Fire Maidens of Outer Space (1956)
In the mutual interests of peace and security for all mankind the two great nations of the United States and Great Britain have been working on a secret project designated Plan 13…. An expedition into OUTER SPACE….
Biologically speaking the forms of life on this planet are unusual to say the least….
On a positive note, the 13th Cinema Wasteland show was terrific fun with a The Hills Have Eyes (1977) reunion, several other guests, venders and films over the weekend. As usual, I stocked up for Halloween with several DVDs and Blu-rays, including this low-budget British peculiarity from director Cyril Roth, who made all of 3 films from 1953-1956 (IMDb). Sometimes I am just blown away by the selection of fantasy films now available for the home video enthusiast. It just boggles my mind that Olive Films would release the notoriously inept (by Medved, IMDb: 2.0/10.0, and Halliwell standards) Fire Maidens of Outer Space (1956).
Actually, the film isn’t awful —in the sense that it isn’t unwatchable (try dragging me to a Tom Hanks film), and I have long disagreed with Harry and Michael Medved’s selections and opinions in the popular Golden Turkey Awards (1980, Berkley). There are a lot of films worse than Fire Maidens.
I like the special effects, which includes a few competent matte paintings of the fog covered 13th moon of Jupiter, some creative use of V2 rocket stock footage and a superimposed encounter with asteroids. Just don’t expect Forbidden Planet (1956). Fire Maidens reminds me of Universal-International’s The Mole People (1956) and I can’t help but think one might have influenced the other. The two films have several similarities: an expedition stumbling upon a mysterious isolated Lazarus culture (Sumerian vs. Minoan —oops I mean New Atlantian), menacing mutant anthropoid monsters, sappy love story subplots, scantily-dressed maidens, gun toting Eisenhower-era WASPs and ridiculous sets.

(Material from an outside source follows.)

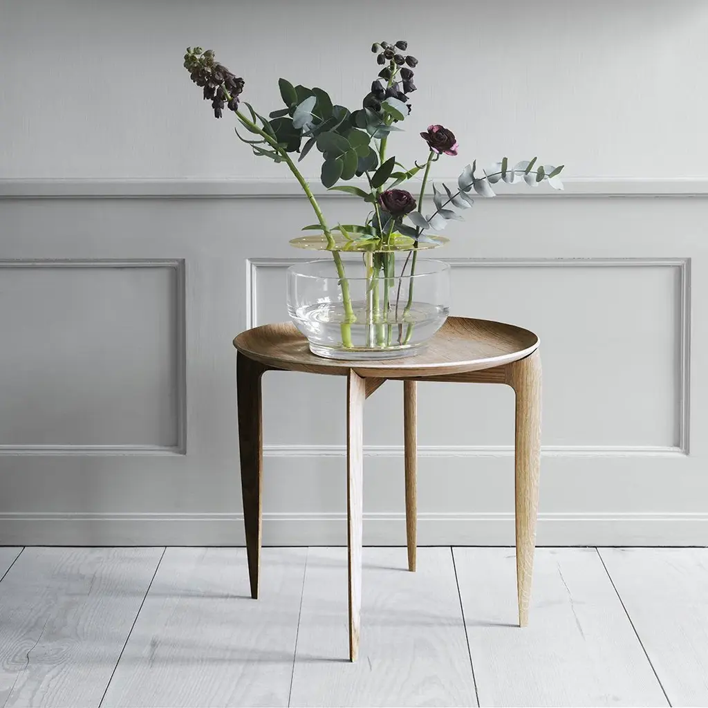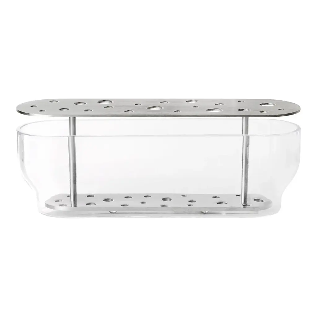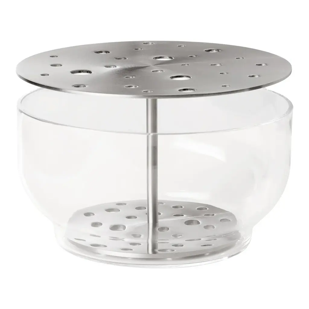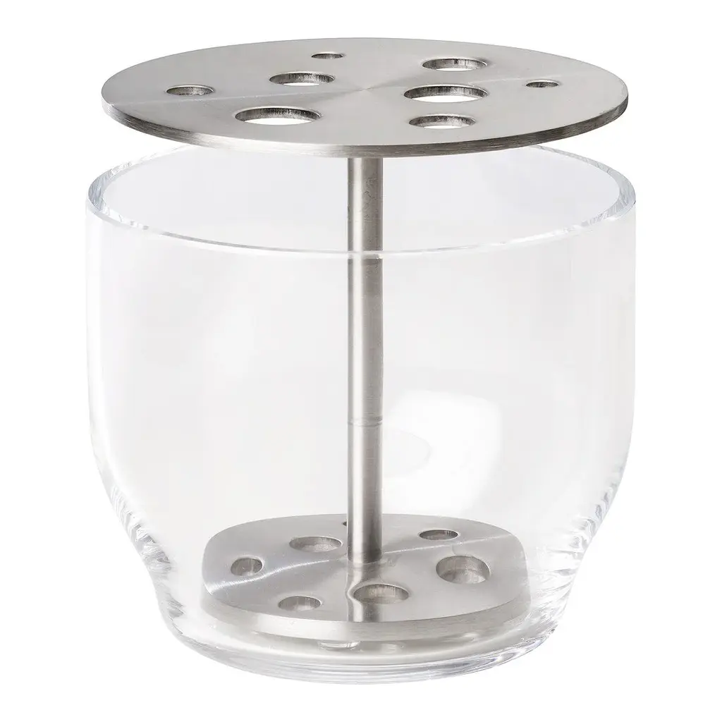 The Fritz Hansen Ikebana Vase, a masterpiece by celebrated Spanish designer Jaime Hayon, reimagines the ancient Japanese art of flower arrangement for contemporary interiors. This sophisticated vessel pairs mouth-blown glass with a sculptural metal framework, available in either solid brass that develops a coveted patina over time, or timeless stainless steel. Unlike traditional vases that showcase only the flower heads, this artisanal piece honors the complete natural beauty of each stem. The innovative freestanding structure, punctuated with precisely sized openings, allows for mindful arrangement that transforms single blooms or minimal stems into living art. The handcrafted glass vessel, produced by master glassblowers, provides a crystal-clear stage for your botanical compositions. Available in three distinct profiles – a statement-making large size (9.4" diameter), an intimate small version (4.7" diameter), or an elegantly elongated form (13.2" length) – this Fritz Hansen creation adapts to various interior settings while maintaining its minimalist grace. Each piece reflects Hayon's signature ability to blend playful creativity with refined Scandinavian design sensibilities, resulting in a versatile vessel that serves as both a functional object and contemporary sculpture, even when not in use.

Fire Maidens is by no means a lost classic. The film has been around on VHS as a Sinister Cinema release, and was lampooned by the MST3000 crew in 1992. The film is slow and I grew tired of Borodin’s Gliding Dance of the Maidens (aka “Stranger in Paradise”), from the Polovtsian Dances (1890), which drones in the background throughout the later part of the film. The monster is nothing special and stumbles around growling (Rarrrrrr!!!!) like a parody of the Frankenstein monster. It reminds me a tiny bit of the Ebonite Interrogator of the Outer Limits Nightmare Episode (1963). The Fire Maidens monster was designed by artist Roy Ashton (The Reptile, 1966).
I dropped $20 on this DVD, supporting a vender, and would only recommend it to the staunchest completists (aka masochists). I wouldn’t bother with the Blu-ray print.
And remember “All characters in space are fictitious.”